How Reminiscence Therapy Can Help People With Dementia Remember The Past

By | January 31st, 2024

Photos, videos, and music help reignite once-lost memories for people with dementia. Experts discuss how caregivers can use this media.

As Alzheimer’s and other forms of dementia progress, brain cells and their connections degenerate and die, including those crucial for recalling old memories. That doesn’t mean all these memories no longer exist — but they might become damaged or harder to access.

If memories are files meticulously organized in rows of cabinets, dementia throws the organization into disarray. Reminiscence therapy is a way to guide people with dementia to help them make sense of the chaos and help them pull out memories with the guidance of past photos, music, or familiar items. There’s also been an explosion of technologies and applications to augment reminiscing. 

“I believe in our everyday life as we have conversations with older persons, including persons with mild to moderate dementia, engaging in reminiscing is pleasurable and worthwhile,” Dr. Erik B. Larson, a former investigator at Kaiser Permanente Washington Health Research Institute, wrote. “And in turn, it’s meaningful for families to learn as much as possible from their parents and aging relatives about their family’s past, especially in a time when we are so mobile throughout the life course.

How well does reminiscence therapy work?

Amanda Lazar, an assistant professor at the University of Maryland, studies how technologies can be designed to support health and well-being as people age. 

“The benefits [of reminiscence therapy] are fairly well documented,” Lazar told Being Patient. “This intervention is useful for people with dementia because it relies on their continuing abilities — which include the ability to engage in social interaction, to remember from their past, and engage with their senses.”

Lazar added that the music, photos, or other media used to facilitate reminiscence therapy also build bridges between caregivers and people with dementia, allowing them to connect through the shared experience. “In terms of how soon people can notice it is working, this depends on how it is implemented but also, what kinds of benefits we are looking for,” she said. “If the outcome is a pleasant time together, then the benefit can be immediate!”

What are some examples of reminiscence therapy?

Many non-pharmaceutical interventions for dementia fall under the broad umbrella of reminiscence therapy. Some of these include:

  • Music and dance therapy. Listening, singing along, or even dancing to familiar music can help spark memories and reduce agitation. 
  • Browsing through old photos or videos with a loved one. Lazar explained that interacting with loved ones through the context of these materials can bring back memories and fuel conversation.
  • Putting together a personalized biography. Caregivers can also walk their loved ones through a curated biography of their life. Lazar cautions that some biographical memories may be uncomfortable or traumatic.

Is new technology a bane or boon for reminiscence therapy?

Many apps like bAIgrapher and LifeBio Memory integrate artificial intelligence alongside cues and prompts to facilitate the therapy. But although Lazar has found some new technologies useful, she cautioned that many of them aren’t explicitly designed for people with dementia. 

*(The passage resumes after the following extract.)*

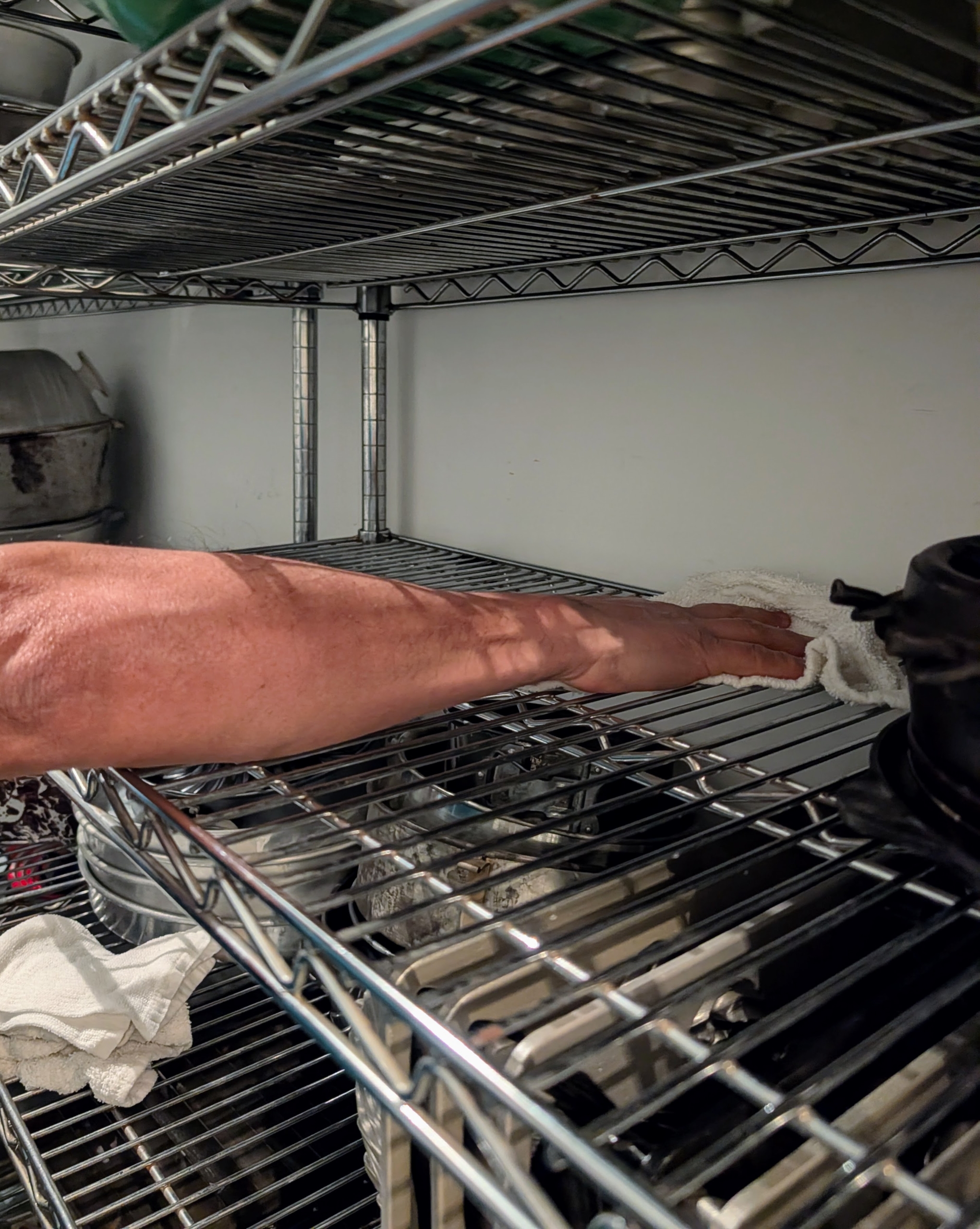 It’s not a large space, so one by one the shelves are emptied and then wiped down thoroughly.

“We often simplify them [the technology] according to our assumptions of what is easier or harder for someone with dementia to use,” Lazar said. “I have found these technologies usually need someone without dementia involved anyways – which can be okay, since much of the benefit is around the interaction.”

She still thinks a better approach is spending money on skilled individuals like activity directors or art therapists who know how to use digital media and new technologies to maximize the benefits of the therapy. If this is unaffordable, she also recommends going to the library, googling shared interests, exploring memories through Google Maps, and borrowing old movies or music from the library.

Best practices for reminiscence therapy

While everyone is different, some common practices can help improve the experience for caregivers and their loved ones.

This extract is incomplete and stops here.